Anna J. Cooper | |
---|---|
Born | Anna Julia Haywood August 10, 1858 |
Died | February 27, 1964 Washington, D.C., US | (aged 105)
Burial place | City Cemetery in Raleigh, NC |
Education | |
Known for | Fourth African American woman to receive a PhD |
Spouse |
George A. C. Cooper
(m. 1877; died 1879) |
Children | Lula Love Lawson (foster daughter) [1] |
Mother | Hannah Stanley Haywood |
Relatives | John Haywood (grandfather) |
Anna Julia Cooper (née Haywood; August 10, 1858 – February 27, 1964) was an American author, educator, sociologist, speaker, Black liberation activist, Black feminist leader, and one of the most prominent African-American scholars in United States history.
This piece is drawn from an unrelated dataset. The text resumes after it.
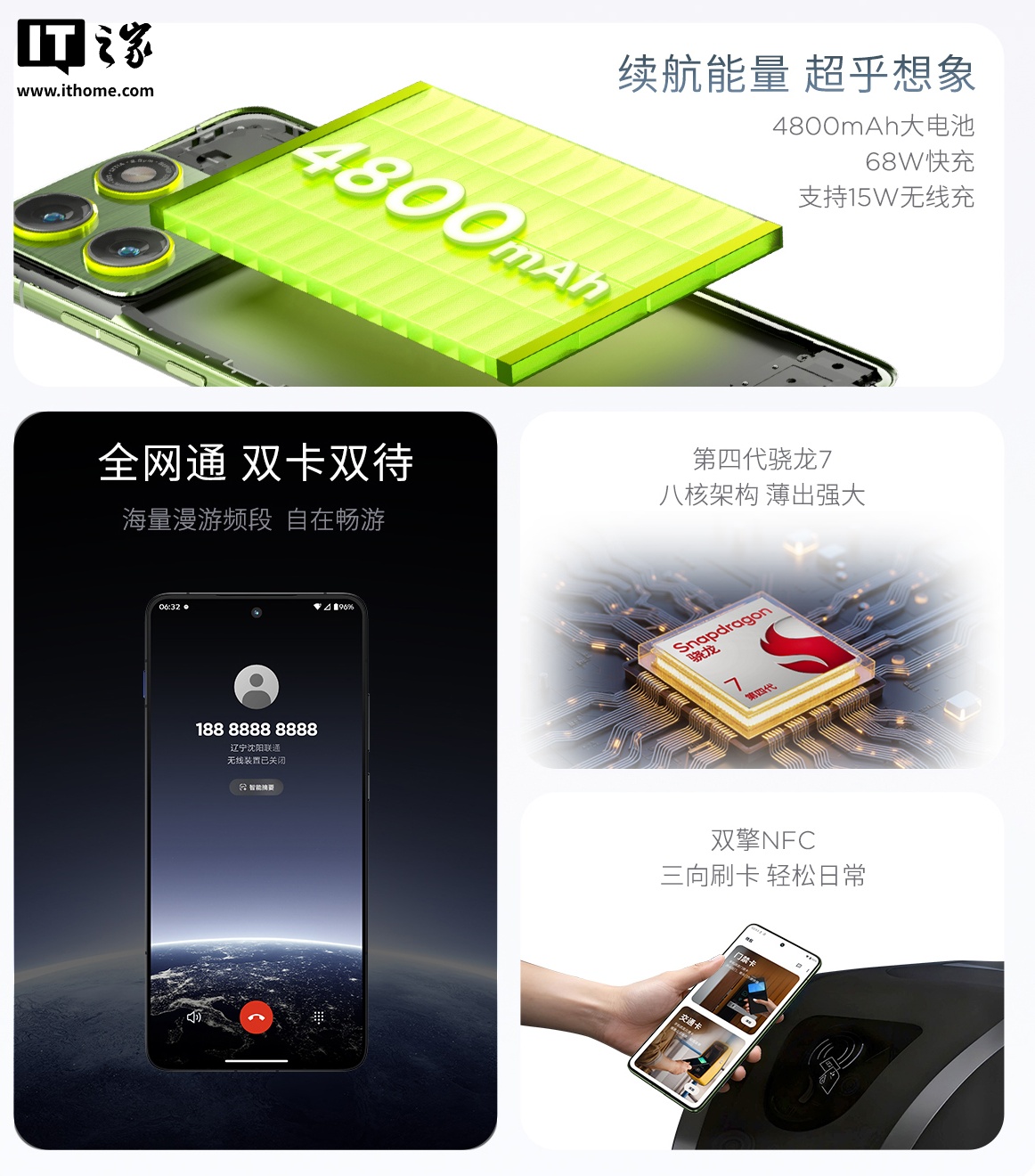 硬件方面,这款手机配备 4800mAh 大电池,搭配 68W 有线快充 + 15W 无线充电,搭载第四代高通骁龙 7 处理器,采用八核架构,机身内置双擎 NFC,支持三向刷卡,还配有全网通双卡双待,号称支持“海量漫游频段”。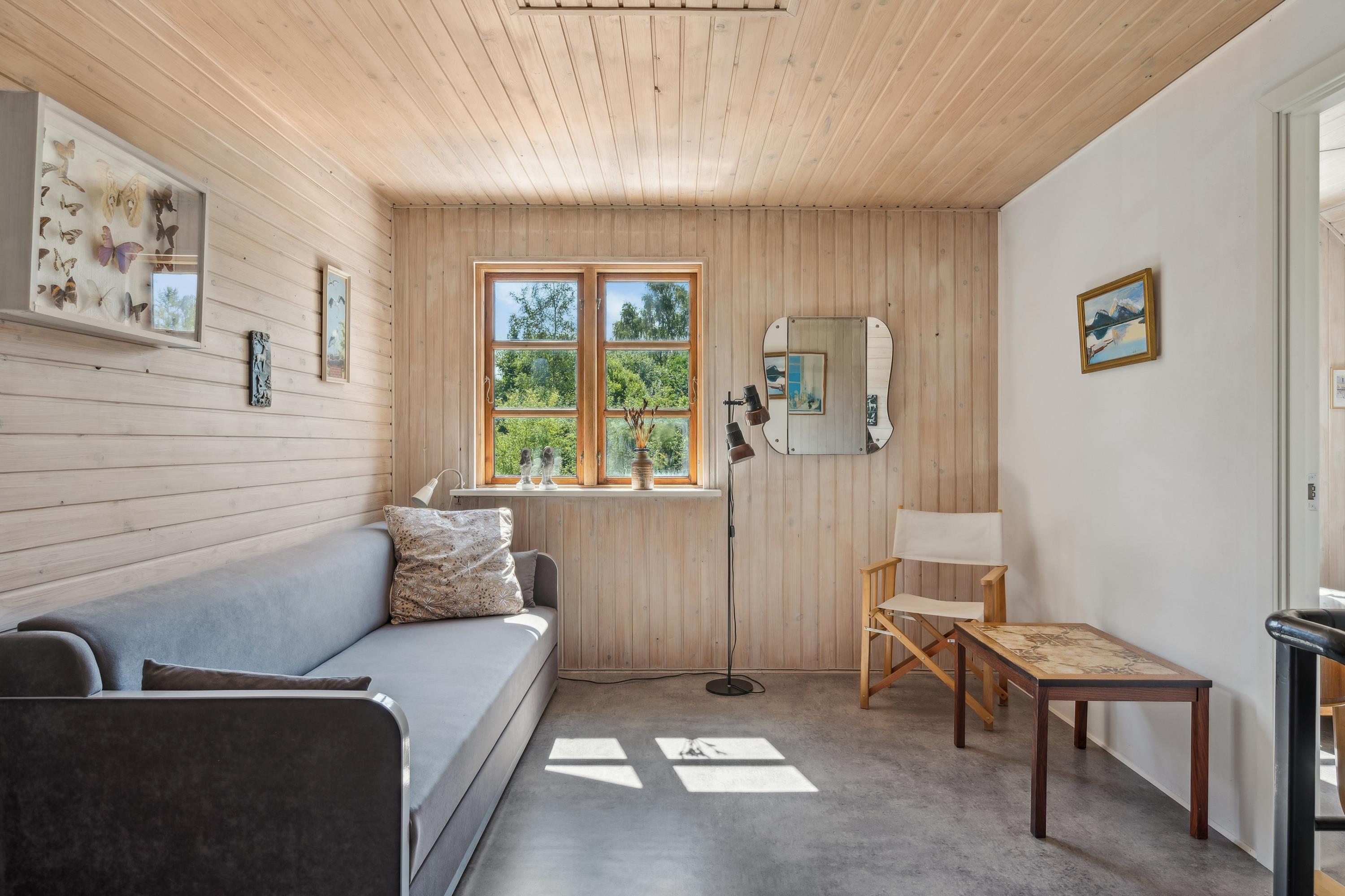 In ruhiger und schöner Umgebung auf Djursland liegt dieses ältere, aber gemütliche Ferienhaus auf zwei Etagen. Im Erdgeschoss befindet sich ein schöner Wohnraum mit unter anderem Holzofen und Wärmepumpe sowie Zugang zu einer überdachten Terrasse mit Gartenmöbeln. Angrenzend an das Wohnzimmer liegt die funktionale Küche mit unter anderem Geschirrspüler. Schönes Badezimmer mit Dusche. Im Obergeschoss befinden sich die Schlafplätze des Ferienhauses. Das Ferienhaus liegt auf einem großen Naturgrundstück mit Rasen und Bäumen – ideal zum Spielen und Entspannen. In der Umgebung gibt es Wälder und Felder mit reichlich Tierleben. Die Bahnstation in Kolind ist in 10 Minuten mit dem Auto erreichbar – von dort kann man mit der Stadtbahn nach Grenaa oder Aarhus fahren.

Although born into slavery, Cooper pursued higher education at Oberlin College in Ohio, where she earned a Bachelor of Arts in 1884 and a master's degree in mathematics in 1887. At the age of sixty-six, she completed her PhD at the Sorbonne University in Paris, making her the fourth African American woman to earn a PhD.[2] She was also a prominent member of Washington, D.C.'s African-American community, and a member of Alpha Kappa Alpha sorority.
Cooper made contributions to social science fields, particularly in sociology. Her first book, A Voice from the South: By a Black Woman of the South, is widely acknowledged as one of the first articulations of Black feminism, giving Cooper the often-used title of "the Mother of Black Feminism".[3]